_DATA SHOWN_
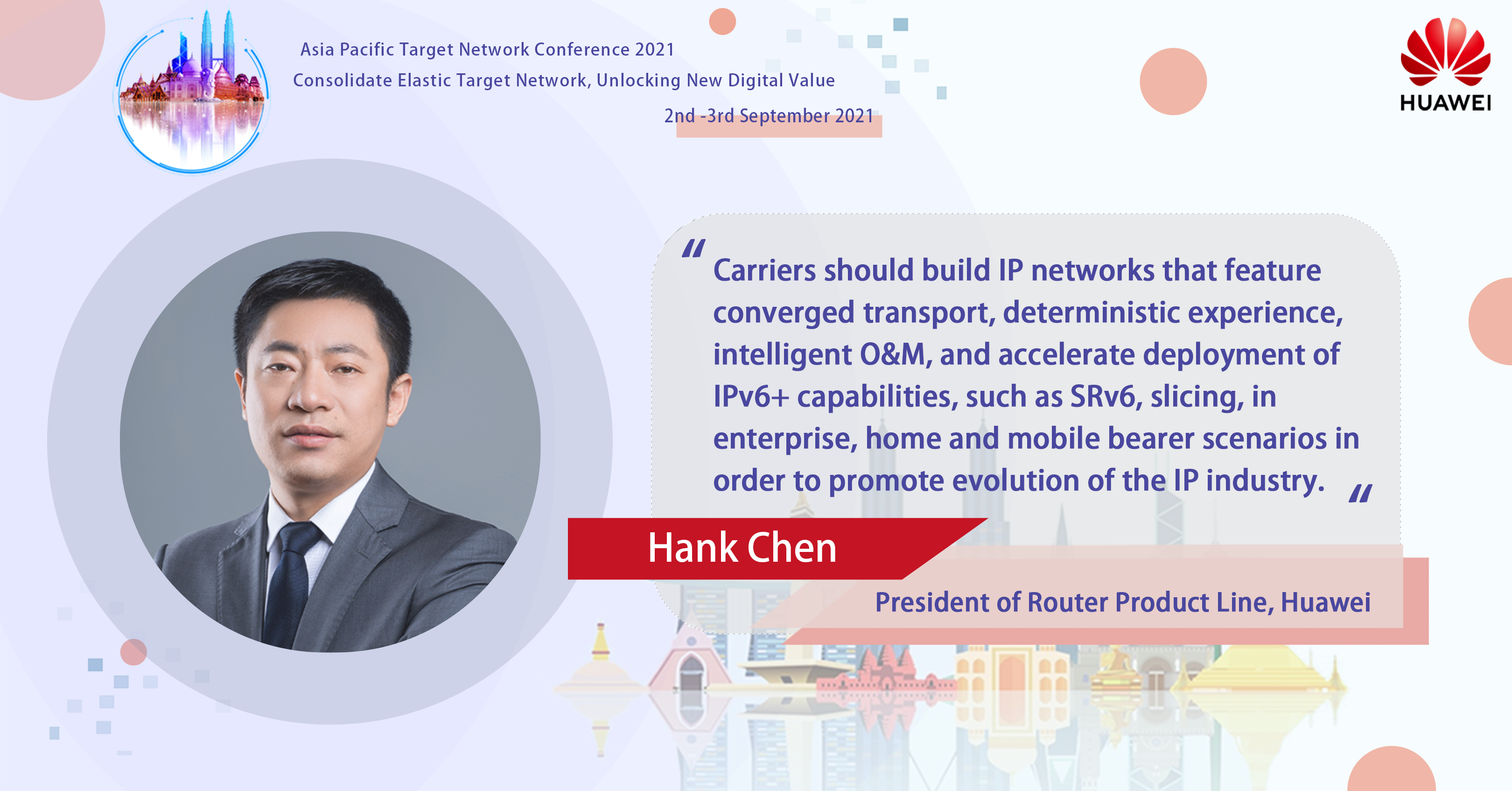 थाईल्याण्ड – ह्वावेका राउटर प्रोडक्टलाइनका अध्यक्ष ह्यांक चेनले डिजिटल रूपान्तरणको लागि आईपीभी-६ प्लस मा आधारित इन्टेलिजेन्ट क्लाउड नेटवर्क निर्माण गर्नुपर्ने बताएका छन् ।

--

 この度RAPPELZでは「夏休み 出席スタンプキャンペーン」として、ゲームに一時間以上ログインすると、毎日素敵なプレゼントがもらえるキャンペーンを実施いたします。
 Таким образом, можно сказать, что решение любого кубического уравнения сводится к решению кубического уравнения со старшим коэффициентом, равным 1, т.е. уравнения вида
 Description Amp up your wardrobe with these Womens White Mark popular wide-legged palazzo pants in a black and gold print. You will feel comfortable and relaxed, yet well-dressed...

--

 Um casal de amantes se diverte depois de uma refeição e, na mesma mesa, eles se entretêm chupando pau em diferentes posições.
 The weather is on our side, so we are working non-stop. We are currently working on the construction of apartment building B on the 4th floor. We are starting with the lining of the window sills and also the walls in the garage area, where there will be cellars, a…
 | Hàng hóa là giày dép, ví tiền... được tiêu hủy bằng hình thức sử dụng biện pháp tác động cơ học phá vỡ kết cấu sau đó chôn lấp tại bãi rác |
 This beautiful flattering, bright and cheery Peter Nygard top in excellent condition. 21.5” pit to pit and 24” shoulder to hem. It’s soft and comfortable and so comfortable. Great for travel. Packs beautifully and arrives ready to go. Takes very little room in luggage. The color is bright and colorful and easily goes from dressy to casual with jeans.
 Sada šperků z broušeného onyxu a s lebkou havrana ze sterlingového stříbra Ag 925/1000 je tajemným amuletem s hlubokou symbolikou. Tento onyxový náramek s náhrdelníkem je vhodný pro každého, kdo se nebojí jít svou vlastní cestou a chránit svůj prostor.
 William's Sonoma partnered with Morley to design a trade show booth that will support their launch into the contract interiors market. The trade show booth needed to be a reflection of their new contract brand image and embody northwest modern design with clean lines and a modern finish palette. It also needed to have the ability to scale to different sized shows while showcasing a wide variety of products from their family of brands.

_TASK GOAL_
Within the material above, tally each line that contains "also" and respond with the tally only.

_SOLVED PROBLEM_
2